We next examined the lineages where Spike mutations in the RBD were identified at high frequency, in particular co-occurring with N439K, an amino acid replacement recently reported to be expanding in Europe and detected across the world3 (Figure 3, Supplementary figure 1). N439K appears to have reduced susceptibility to a small subset of monoclonals targeting the RBD, whilst retaining affinity for ACE2 in vitro3. The proportion of viruses with ΔH69/ΔV70 only increased from August 2020 when it co-occurred with the second N439K lineage3 (Figure 3). As of November 26th, remarkably there were twice as many cumulative sequences with the deletion as compared to the single N439K (Figure 3). Due to their high sampling rates the country with the highest proportion of N439K+ ΔH69/ΔV70 versus N439K alone is England. The low levels of sequencing in most countries indicate N439K’s prevalence could be relatively high3. In Scotland, where early growth of N439K was high (forming N439K lineage i that subsequently went extinct with other lineages after the lockdown3), there is now an inverse relationship with 546 versus 177 sequences for N439K and N439K+ΔH69/ΔV70 respectively (as of November 26th). These differences therefore likely reflect differing epidemic growth characteristics and timings of the introductions the N439K variants with or without the deletion.
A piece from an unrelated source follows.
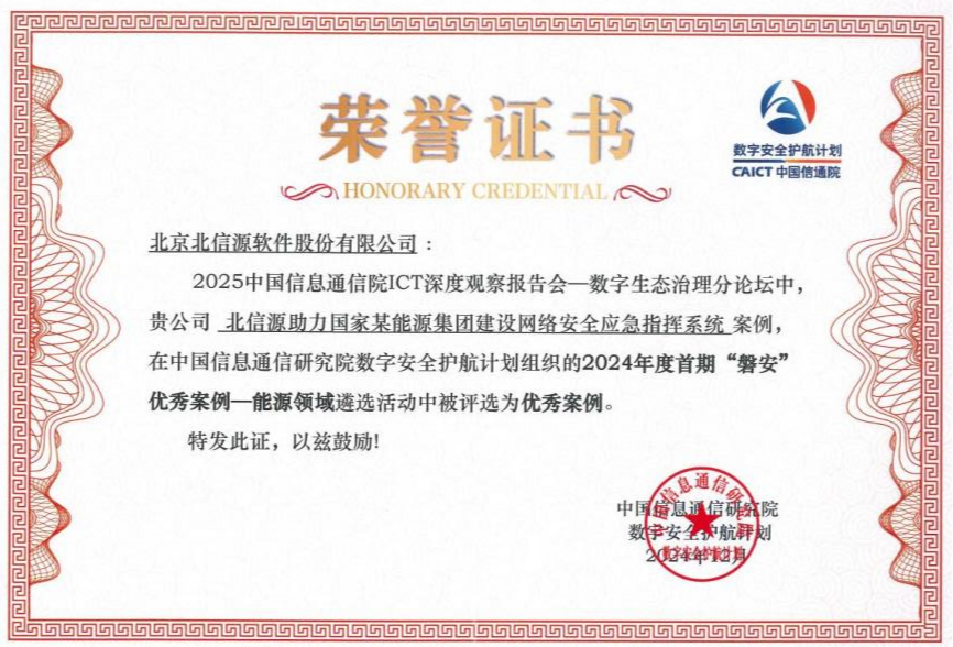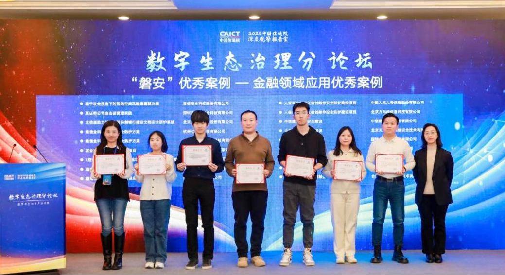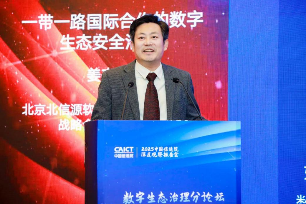 近日,2025中国信通院ICT深度观察报告会——数字生态治理分论坛在京举行。北信源受邀出席,并由战略合作总经理姜来发表《“一带一路”国际合作的数字生态安全治理》主题演讲。论坛上,“磐安”优秀案例征集结果正式发布,北信源凭借领先的技术优势和创新实力,在政务、交通、金融、能源四大领域入选“数字安全应用优秀案例”。

All sequences in the GISAID database containing S:439K (3820 sequences, 26th November 2020) were realigned to Wuhan-Hu-1 using MAFFT. Viruses carrying the Spike double deletion ΔH69/V70 (red) emerged and expanded from viruses with S:439K (black).
Between August and October 2020, an exponential increase in mutants carrying both 439K and ΔH69/V70 saw the latter become dominant in terms of cumulative cases.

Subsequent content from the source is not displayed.